Bürger fragen ihre Kandidaten

Die Wähler im Land können nun wieder den Landtagskandidaten über die Plattform abgeordnetenwatch.de Fragen stellen. Die Antworten der Politiker sind für jeden sichtbar - auch noch in ein paar Jahren.

Das Angebot ist am Donnerstagvormittag an den Start gegangen. Im Vorfeld der Landtagswahl in Baden-Württemberg am 13. März können Wähler auf der Plattform alle Kandidierenden zur Landtagswahl öffentlich befragen.

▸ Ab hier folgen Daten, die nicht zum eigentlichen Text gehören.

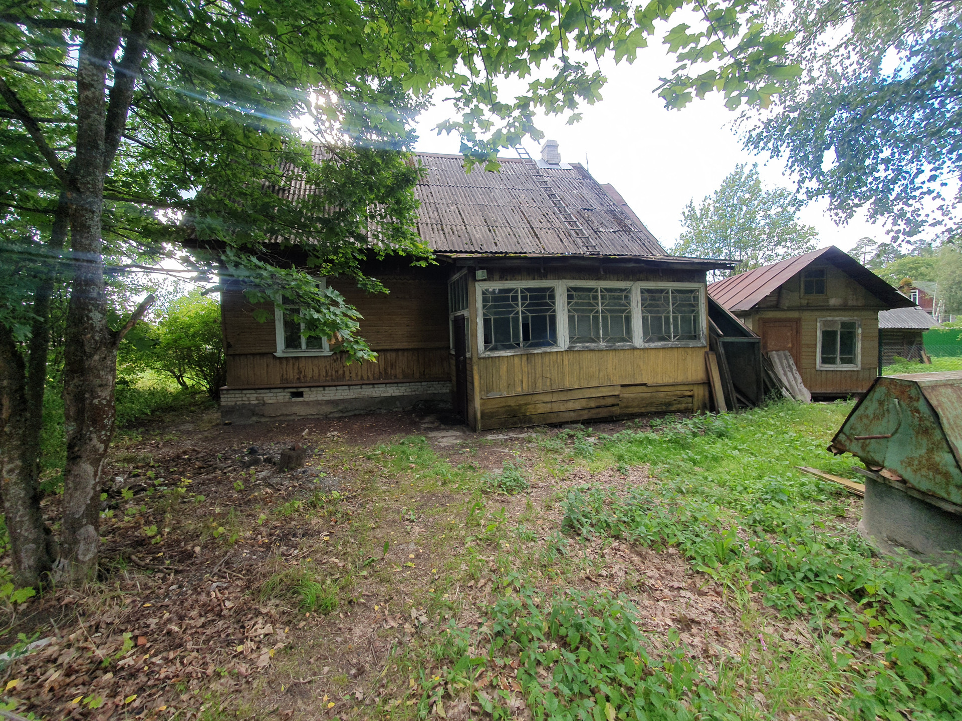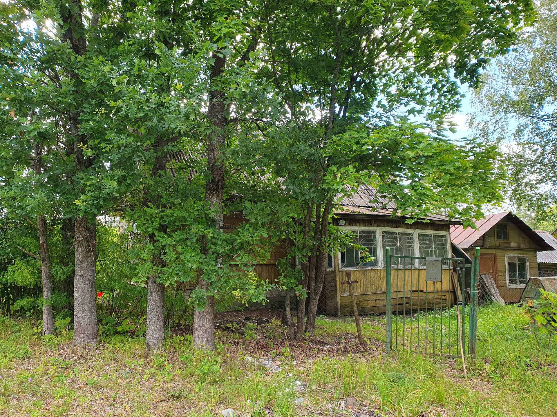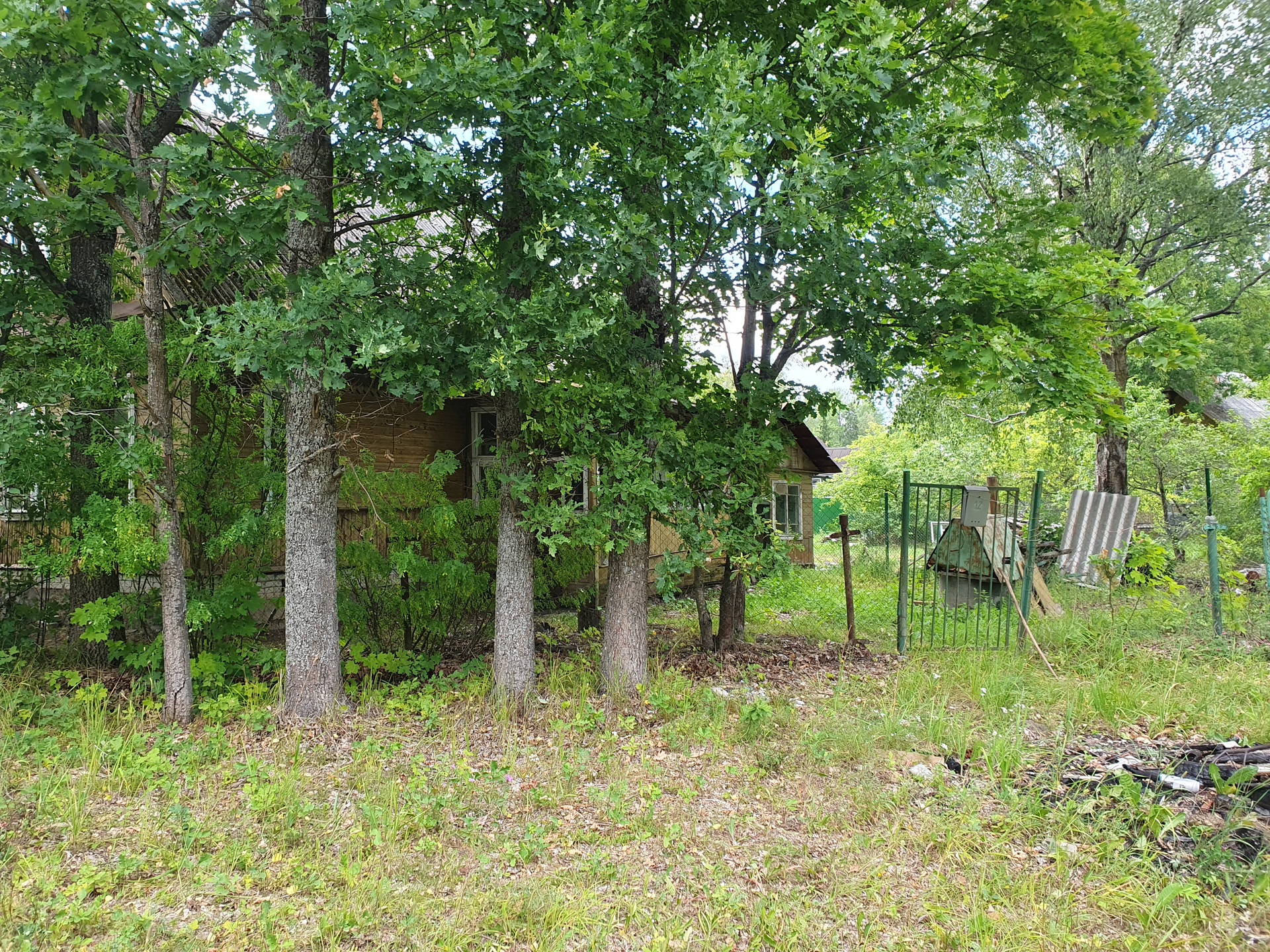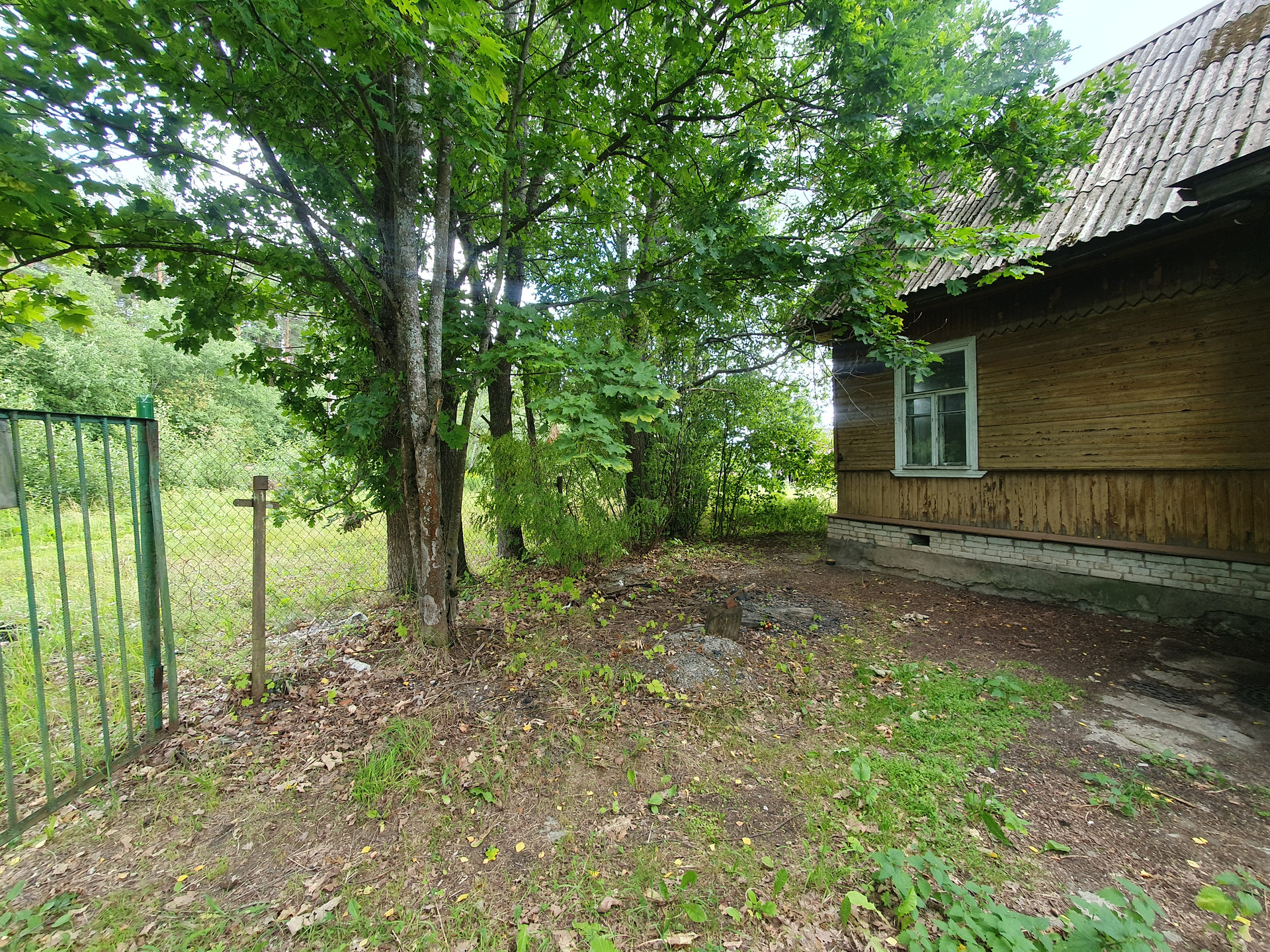 Продаётся участок с домом из крепкого бревна. Участок 12 соток, с плодовым садом, хорошим подъездом и добрыми соседями. Вода в колодце, электричество подведено.  Напротив лес. Место тихое, участок огорожен. Дом требует ремонта или может использоваться на время нового строительства.

Bürger finden außerdem Informationen über die bisherige parlamentarische Arbeit der Politiker. Alle Kandidierenden in den 70 Wahlkreisen sind mit einer Profilseite vertreten, auf der auch die Fragen und Antworten veröffentlicht werden. Sie bleiben auch über den Wahltag hinaus öffentlich.

Auch bei der Wahl 2011 hatte die Seite bereits die Möglichkeit zum Dialog geboten. Obwohl der damalige CDU-Fraktionschef Peter Hauk seine Kollegen vor dieser Art der Kommunikation gewarnt hatte, machten die meisten Kandidierenden mit. 75 Prozent der über 1.200 Fragen wurden beantwortet.

Verein finanziert sich aus Spenden

Der unabhängige Verein "Abgeordnetenwatch" mit Sitz in Hamburg finanziert sich aus Spenden. Mitarbeiter sichten die eingehenden Fragen der Bürger. Beleidigungen und Beschimpfungen werden nicht veröffentlicht. Auch die Kandidaten dürfen nichts Beleidigendes oder Rassistisches von sich geben – die NPD wurde deshalb in Thüringen schon einmal vom Dialog ausgeschlossen.

Neben der Dialogmöglichkeit wird abgeordnetenwatch.de in den kommenden Wochen auch einen Kandidaten-Check anbieten. Damit sollen Wähler die Standpunkte der Politiker zu Themen der Landespolitik vergleichen können.